食物繊維の重要性が唱えられるようになったのは1970年代に入ってからで、腸内環境が健康を左右することがわかってきたのも最近の話。腸内細菌の研究が進むにつれて、筋肉隆々のアスリートにこそ根付いていた「強くなりたいなら肉を食うべし!」という定説はいよいよ変化の時にある。

ベジタリアンやヴィーガンになるアスリートが年々増えていて、テニス界ではジョコビッチがヴィーガンであることが知られている。肉を食べなければパフォーマンスが低下するという説を覆し、菜食主義になってからも世界のトップに君臨しているアスリートは多い。

腸内環境という視点から見れば、肉はたんぱく質が豊富な一方で食べすぎると腸内腐敗を促し悪玉菌を増やす原因となる。植物性の食品には善玉菌を増やす食物繊維だけでなく、炎症を抑える働きのある抗酸化物質も多く含まれているから、身体を酷使するアスリートにとって菜食主義は理にかなっているといえるだろう。また、腸の働きはメンタルを安定させることもわかっているので、メンタルが影響する競技では取り入れてみる価値はある。

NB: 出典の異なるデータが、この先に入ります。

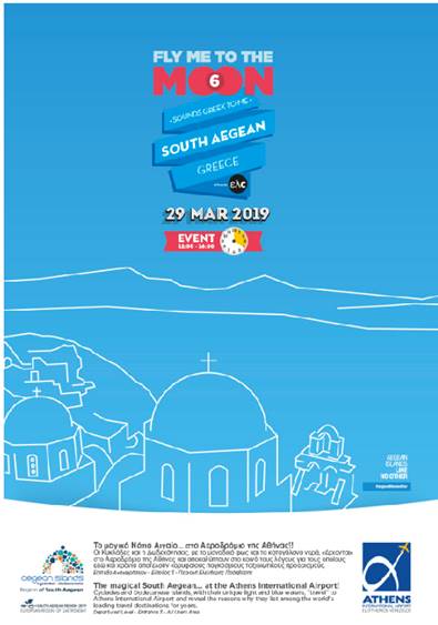 Το Νότιο Αιγαίο και τα νησιά του είναι ο έκτος προορισμός του προγράμματος Fly me to the Moon-Sounds Greek to Me! Οι Κυκλάδες και η Δωδεκάνησος παίρνουν τη σκυτάλη στο αεροδρόμιο, για μια ημέρα αφιερωμένη στις παραδόσεις τους. Ταξιδιώτες και επισκέπτες που θα βρεθούν στον Διεθνή Αερολιμένα Αθηνών την Παρασκευή, 29 Μαρτίου, θα απολαύσουν νησιώτικα ακούσματα και χορούς, θα γνωρίσουν την τέχνη μαρμαροτεχνίας της Τήνου και θα γευτούν την αιγαιοπελαγίτικη κουζίνα.

もちろんたんぱく質が不足することがあってはならないし、動物性食品に多く含まれるビタミンB12など不足しやすい栄養素も出てくる。また、過度の節制はストレスの原因となり逆に免疫を下げることも考えられるから、動物性食品を完全に排除することは容易におすすめできないが、たんぱく質をどのくらい摂るべきかという議論から、それらを何からどのくらい摂るかというフェーズに来ていることは間違いない。

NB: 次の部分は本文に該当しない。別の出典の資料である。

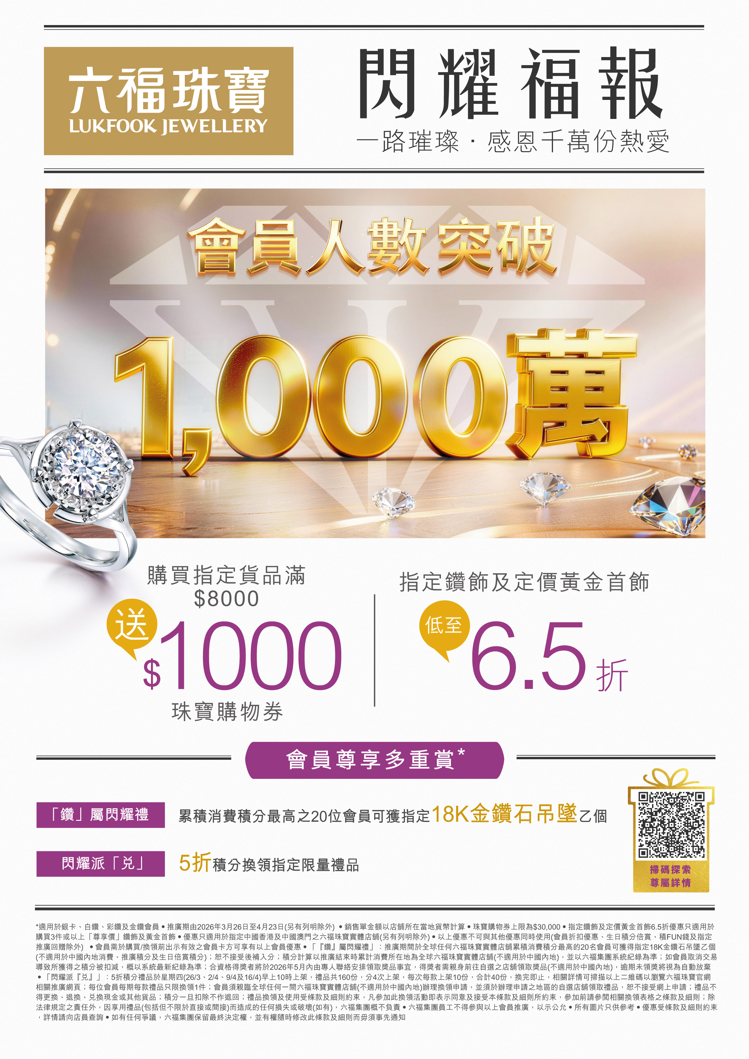 即日起至2026年4月23日,於中國香港及中國澳門指定六福珠寶店舖:

ジョコビッチは著書の中でこう言っている。「誰一人として必要な栄養素をあなた自身より知る人がいない」。事実、同じ食事をすれば同じ結果が出るというわけではないし、何を食べるべきかを一律に定義することは難しい。

共通して大切なことは、たんぱく質、糖質、脂質、ビタミン・ミネラルなどそれぞれの木に焦点を当てて議論するだけではなく、これからは腸内環境という森を軸として栄養を考える必要があるということだ。